▶ Task requirements:
From the entries below, transcribe exactly the lines between the line holding "PC収納部は、内側の一部に柔" and the line holding "一進入電站,記者首先被眼前一", inclusive; skip all other lines.

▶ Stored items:
-=-=-

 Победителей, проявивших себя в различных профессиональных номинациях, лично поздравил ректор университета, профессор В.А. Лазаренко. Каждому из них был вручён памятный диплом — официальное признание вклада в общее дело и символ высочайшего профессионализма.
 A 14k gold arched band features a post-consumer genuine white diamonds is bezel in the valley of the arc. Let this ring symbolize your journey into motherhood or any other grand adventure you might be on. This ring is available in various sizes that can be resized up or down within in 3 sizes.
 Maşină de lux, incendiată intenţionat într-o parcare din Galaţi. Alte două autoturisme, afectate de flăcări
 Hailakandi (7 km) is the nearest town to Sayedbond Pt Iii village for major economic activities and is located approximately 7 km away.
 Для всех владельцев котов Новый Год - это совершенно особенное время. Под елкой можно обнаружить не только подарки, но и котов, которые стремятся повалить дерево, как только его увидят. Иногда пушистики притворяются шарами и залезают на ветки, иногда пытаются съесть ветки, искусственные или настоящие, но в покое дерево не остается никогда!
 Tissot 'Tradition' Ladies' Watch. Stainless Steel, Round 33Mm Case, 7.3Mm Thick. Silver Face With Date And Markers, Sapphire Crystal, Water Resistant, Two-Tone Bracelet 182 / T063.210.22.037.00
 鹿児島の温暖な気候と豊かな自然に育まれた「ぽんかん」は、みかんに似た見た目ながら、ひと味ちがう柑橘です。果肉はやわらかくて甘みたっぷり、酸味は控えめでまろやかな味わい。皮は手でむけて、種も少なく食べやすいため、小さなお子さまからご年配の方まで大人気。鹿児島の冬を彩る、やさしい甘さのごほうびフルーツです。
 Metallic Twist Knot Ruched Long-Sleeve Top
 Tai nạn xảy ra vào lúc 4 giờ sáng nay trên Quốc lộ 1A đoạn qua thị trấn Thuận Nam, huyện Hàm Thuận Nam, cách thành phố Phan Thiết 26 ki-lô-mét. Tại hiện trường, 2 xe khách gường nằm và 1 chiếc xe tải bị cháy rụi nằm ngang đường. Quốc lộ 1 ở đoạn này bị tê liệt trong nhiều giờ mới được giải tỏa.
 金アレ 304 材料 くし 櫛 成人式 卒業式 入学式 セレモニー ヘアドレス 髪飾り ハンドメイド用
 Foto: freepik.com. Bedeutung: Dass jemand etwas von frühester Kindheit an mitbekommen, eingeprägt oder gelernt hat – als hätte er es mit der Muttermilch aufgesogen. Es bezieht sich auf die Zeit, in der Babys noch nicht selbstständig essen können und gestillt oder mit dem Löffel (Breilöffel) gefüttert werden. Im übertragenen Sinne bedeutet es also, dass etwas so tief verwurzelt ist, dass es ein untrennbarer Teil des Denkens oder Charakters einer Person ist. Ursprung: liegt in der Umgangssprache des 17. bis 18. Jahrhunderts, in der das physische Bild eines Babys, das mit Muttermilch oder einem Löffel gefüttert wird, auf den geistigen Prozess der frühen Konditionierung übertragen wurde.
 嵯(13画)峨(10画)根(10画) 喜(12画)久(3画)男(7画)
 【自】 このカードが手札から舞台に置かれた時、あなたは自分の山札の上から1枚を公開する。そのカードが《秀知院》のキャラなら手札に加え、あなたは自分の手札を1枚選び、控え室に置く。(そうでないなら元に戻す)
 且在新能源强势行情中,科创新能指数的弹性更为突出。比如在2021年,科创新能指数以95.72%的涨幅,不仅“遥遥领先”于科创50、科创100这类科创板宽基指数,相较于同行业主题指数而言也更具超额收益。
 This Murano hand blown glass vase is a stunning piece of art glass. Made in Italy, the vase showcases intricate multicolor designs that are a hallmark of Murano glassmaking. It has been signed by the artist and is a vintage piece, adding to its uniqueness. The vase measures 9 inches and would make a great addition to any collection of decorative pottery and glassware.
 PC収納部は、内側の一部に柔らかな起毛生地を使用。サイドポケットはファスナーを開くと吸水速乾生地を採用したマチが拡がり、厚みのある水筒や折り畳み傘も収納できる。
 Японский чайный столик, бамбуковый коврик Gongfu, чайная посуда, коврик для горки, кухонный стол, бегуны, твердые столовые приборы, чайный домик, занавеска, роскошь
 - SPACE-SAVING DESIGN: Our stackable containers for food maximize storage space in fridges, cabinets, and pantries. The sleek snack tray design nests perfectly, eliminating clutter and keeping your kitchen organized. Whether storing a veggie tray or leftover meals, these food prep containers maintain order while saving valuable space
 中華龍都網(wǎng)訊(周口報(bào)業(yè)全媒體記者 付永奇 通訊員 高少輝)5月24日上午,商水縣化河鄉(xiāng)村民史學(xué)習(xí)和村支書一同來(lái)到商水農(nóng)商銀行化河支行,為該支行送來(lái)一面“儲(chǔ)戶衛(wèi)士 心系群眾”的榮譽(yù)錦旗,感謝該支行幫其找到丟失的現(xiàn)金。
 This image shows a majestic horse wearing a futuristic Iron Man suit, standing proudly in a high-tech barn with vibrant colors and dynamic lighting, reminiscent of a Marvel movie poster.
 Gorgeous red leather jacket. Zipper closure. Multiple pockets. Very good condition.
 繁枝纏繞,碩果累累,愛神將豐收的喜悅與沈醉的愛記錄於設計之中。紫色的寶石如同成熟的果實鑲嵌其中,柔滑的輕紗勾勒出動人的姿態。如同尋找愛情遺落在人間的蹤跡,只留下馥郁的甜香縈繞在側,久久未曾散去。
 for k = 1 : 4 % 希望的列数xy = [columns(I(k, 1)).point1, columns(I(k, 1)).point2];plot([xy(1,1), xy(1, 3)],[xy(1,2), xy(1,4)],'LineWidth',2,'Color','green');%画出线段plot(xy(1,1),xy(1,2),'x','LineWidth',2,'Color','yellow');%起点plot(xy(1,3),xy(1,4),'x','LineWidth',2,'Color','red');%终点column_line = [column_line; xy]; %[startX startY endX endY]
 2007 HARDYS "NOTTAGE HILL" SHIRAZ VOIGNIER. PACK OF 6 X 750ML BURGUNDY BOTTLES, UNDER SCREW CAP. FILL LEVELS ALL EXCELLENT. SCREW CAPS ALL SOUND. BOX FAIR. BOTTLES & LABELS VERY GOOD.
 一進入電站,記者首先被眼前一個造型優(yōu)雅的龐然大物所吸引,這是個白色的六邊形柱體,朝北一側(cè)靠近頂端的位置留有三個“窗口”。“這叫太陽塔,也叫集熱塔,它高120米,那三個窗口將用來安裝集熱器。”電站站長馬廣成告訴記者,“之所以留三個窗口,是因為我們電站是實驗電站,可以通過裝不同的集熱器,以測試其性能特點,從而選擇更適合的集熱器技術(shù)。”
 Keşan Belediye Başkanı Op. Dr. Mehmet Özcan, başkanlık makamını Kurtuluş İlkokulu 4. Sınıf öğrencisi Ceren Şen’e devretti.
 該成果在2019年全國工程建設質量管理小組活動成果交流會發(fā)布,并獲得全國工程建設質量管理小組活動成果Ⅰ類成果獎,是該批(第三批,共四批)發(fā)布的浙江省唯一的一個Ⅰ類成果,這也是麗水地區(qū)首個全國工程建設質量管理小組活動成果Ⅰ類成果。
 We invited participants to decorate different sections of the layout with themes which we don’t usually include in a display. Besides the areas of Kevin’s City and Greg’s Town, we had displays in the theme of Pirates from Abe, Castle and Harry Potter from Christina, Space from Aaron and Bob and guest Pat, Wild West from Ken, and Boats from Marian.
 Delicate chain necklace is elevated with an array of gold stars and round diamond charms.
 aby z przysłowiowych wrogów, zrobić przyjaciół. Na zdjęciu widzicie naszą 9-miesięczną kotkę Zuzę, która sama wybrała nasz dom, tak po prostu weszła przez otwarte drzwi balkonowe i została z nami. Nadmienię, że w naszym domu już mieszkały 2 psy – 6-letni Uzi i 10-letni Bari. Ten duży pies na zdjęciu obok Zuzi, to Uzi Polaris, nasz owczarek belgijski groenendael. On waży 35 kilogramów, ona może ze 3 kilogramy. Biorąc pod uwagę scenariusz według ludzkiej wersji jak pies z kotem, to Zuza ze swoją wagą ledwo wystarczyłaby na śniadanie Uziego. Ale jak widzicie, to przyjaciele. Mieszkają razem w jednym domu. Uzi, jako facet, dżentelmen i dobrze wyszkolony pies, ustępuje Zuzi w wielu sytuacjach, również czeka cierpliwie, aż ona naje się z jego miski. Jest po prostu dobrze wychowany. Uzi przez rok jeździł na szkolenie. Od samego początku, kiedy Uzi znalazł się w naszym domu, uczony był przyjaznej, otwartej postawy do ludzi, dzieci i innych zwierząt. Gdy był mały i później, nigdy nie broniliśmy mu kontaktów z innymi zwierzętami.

-=-=-

▶ Answer to this task:
 PC収納部は、内側の一部に柔らかな起毛生地を使用。サイドポケットはファスナーを開くと吸水速乾生地を採用したマチが拡がり、厚みのある水筒や折り畳み傘も収納できる。
 Японский чайный столик, бамбуковый коврик Gongfu, чайная посуда, коврик для горки, кухонный стол, бегуны, твердые столовые приборы, чайный домик, занавеска, роскошь
 - SPACE-SAVING DESIGN: Our stackable containers for food maximize storage space in fridges, cabinets, and pantries. The sleek snack tray design nests perfectly, eliminating clutter and keeping your kitchen organized. Whether storing a veggie tray or leftover meals, these food prep containers maintain order while saving valuable space
 中華龍都網(wǎng)訊(周口報(bào)業(yè)全媒體記者 付永奇 通訊員 高少輝)5月24日上午,商水縣化河鄉(xiāng)村民史學(xué)習(xí)和村支書一同來(lái)到商水農(nóng)商銀行化河支行,為該支行送來(lái)一面“儲(chǔ)戶衛(wèi)士 心系群眾”的榮譽(yù)錦旗,感謝該支行幫其找到丟失的現(xiàn)金。
 This image shows a majestic horse wearing a futuristic Iron Man suit, standing proudly in a high-tech barn with vibrant colors and dynamic lighting, reminiscent of a Marvel movie poster.
 Gorgeous red leather jacket. Zipper closure. Multiple pockets. Very good condition.
 繁枝纏繞,碩果累累,愛神將豐收的喜悅與沈醉的愛記錄於設計之中。紫色的寶石如同成熟的果實鑲嵌其中,柔滑的輕紗勾勒出動人的姿態。如同尋找愛情遺落在人間的蹤跡,只留下馥郁的甜香縈繞在側,久久未曾散去。
 for k = 1 : 4 % 希望的列数xy = [columns(I(k, 1)).point1, columns(I(k, 1)).point2];plot([xy(1,1), xy(1, 3)],[xy(1,2), xy(1,4)],'LineWidth',2,'Color','green');%画出线段plot(xy(1,1),xy(1,2),'x','LineWidth',2,'Color','yellow');%起点plot(xy(1,3),xy(1,4),'x','LineWidth',2,'Color','red');%终点column_line = [column_line; xy]; %[startX startY endX endY]
 2007 HARDYS "NOTTAGE HILL" SHIRAZ VOIGNIER. PACK OF 6 X 750ML BURGUNDY BOTTLES, UNDER SCREW CAP. FILL LEVELS ALL EXCELLENT. SCREW CAPS ALL SOUND. BOX FAIR. BOTTLES & LABELS VERY GOOD.
 一進入電站,記者首先被眼前一個造型優(yōu)雅的龐然大物所吸引,這是個白色的六邊形柱體,朝北一側(cè)靠近頂端的位置留有三個“窗口”。“這叫太陽塔,也叫集熱塔,它高120米,那三個窗口將用來安裝集熱器。”電站站長馬廣成告訴記者,“之所以留三個窗口,是因為我們電站是實驗電站,可以通過裝不同的集熱器,以測試其性能特點,從而選擇更適合的集熱器技術(shù)。”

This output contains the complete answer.